In Football Club Metalist. v. UEFA & PAOK FC, 2013  the arbitral tribunal held that the transcription of an illegally recorded phone conversation with a player was unlawful but admitted an additional video because the applicant had relied upon it as exculpatory evidence. Football Club Metalist filed an appeal against the CAS Award with the Swiss Federal Court submitting that the CAS Award breaches Swiss public policy by imposing sanctions on the basis of illegally obtained evidence.

4In March 2014 the Swiss Federal Tribunal rejected the appeal and held that while there is a major public interest in fair football and considering that the investigative tools of the state failed to enforce it, any illegally gathered evidence would always be admissible.

In the case Sivasspor Kulübü v. UEFA, 2014 CAS used wiretaps as evidence. The panel noted that even if evidence may not be admissible in civil or criminal state court, this does not automatically prevent arbitral tribunal from taking such evidence into account. The Panel concurred that steps must be taken in regard to the public interest in finding the truth in match-fixing cases and also in regard to the sports federations’ and arbitral tribunals’ limited means to secure evidence. These opened up the possibility of including evidence, which in courts’ opinion did not infringe any fundamental values reflected in Swiss procedural public policy.

The Panel considered that the wiretaps produced were valid and admissible evidence for the purposes of the proceedings and that there was of no importance that the criminal cases concerning the player had been sent back to the first instance body.
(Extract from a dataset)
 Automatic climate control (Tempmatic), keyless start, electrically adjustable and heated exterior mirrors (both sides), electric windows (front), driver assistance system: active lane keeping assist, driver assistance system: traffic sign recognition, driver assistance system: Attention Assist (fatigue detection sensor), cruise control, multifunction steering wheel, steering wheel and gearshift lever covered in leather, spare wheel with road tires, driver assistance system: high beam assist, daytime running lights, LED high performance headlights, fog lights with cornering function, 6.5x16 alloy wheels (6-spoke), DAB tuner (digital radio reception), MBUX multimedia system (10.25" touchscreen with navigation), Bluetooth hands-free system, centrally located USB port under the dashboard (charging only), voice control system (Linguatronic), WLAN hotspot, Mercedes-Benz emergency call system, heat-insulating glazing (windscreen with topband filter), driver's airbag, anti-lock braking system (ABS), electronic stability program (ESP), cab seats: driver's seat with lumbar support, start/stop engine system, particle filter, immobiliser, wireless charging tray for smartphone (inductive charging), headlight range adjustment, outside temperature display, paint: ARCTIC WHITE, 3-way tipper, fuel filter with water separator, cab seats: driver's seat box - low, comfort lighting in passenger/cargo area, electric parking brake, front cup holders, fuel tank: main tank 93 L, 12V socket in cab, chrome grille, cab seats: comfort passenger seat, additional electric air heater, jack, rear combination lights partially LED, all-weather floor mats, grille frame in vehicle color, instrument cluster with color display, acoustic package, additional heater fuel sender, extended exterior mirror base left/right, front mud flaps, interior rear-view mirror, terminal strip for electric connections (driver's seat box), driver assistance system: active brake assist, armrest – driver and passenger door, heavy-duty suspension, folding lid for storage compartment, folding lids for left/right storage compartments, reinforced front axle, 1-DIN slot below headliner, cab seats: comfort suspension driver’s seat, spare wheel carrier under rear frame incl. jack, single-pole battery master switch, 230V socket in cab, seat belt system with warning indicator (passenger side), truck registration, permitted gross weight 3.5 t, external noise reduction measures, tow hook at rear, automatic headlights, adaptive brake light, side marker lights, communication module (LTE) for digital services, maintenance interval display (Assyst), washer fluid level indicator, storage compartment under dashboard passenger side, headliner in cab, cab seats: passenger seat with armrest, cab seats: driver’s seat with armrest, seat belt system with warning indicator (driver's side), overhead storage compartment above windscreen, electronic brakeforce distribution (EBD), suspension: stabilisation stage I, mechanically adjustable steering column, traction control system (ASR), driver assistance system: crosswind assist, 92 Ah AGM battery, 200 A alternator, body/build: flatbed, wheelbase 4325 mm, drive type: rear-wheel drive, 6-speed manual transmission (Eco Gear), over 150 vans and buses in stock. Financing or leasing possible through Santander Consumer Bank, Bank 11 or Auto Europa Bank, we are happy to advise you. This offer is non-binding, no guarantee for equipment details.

CAS cases regarding the Russian athletes

On 1 February 2018 CAS has delivered its decisions (operative parts only) in cases filed by Russian athletes. CAS panels unanimously found that the evidence put forward by the IOC in relation to this matter did not have the same weight in each individual case. In 28 cases, the evidence collected was found to be insufficient to establish that the athletes concerned committed anti-doping rule violations. With respect to these 28 athletes, CAS upheld the appeals, annulled the sanctions and reinstated individual results achieved in Sochi 2014.

In 11 cases, CAS found the evidence collected to be sufficient to establish an individual anti-doping rule violation. CAS declared that the athletes are ineligible for the next edition of the Olympic Winter Games (i.e. Pyeongchang 2018) instead of a life ban from all Olympic Games. The mandate of the CAS Panels was strictly limited to dealing with 39 individual cases and to assess the evidence applicable to each athlete on an individual basis and there were no issue raised on the obligation to invite to Korea.

After that, there were other decisions on claims in CAS ad hoc division. The CAS panel found that the applicants did not demonstrate that the manner in which the two special commissions carried out eligibility evaluation in a discriminatory or unfair manner. The panel also concluded that there was no evidence that these commissions improperly exercised their discretion.

Judging from the available information none of the parties raised the issue of illegally obtained evidence. After examining each individual case, the CAS upheld 28 appeals and partially upheld the remaining 11, none of the applications in ad hoc division was satisfied.

Conclusion

The use of evidence, potentially secured in an inappropriate manner, is admissible taking into account the limited investigative powers of sports bodies in comparison to public authorities (Criteria from Fusimalohi v. FIFA Case, see Rigozzi A., Quinn B. Evidentiary issues before CAS; Viret M. Evidence in Anti-Doping at the Intersection of Science and Law). The approach that CAS took in the Fusimalohi appears was later confirmed in subsequent, recent CAS decisions. In most cases, it is the only way for asserting the factual truth.

CAS uses such evidence primarily in match-fixing cases in football and concludes that the interests of FIFA in uncovering the truth outweigh the unlawfulness of the way in which submitted evidence was obtained. As for the illegally obtained evidence in cases against Russian athletes, neither party has raised such arguments so far, though nothing precludes them from relying on hacker leaks in CAS.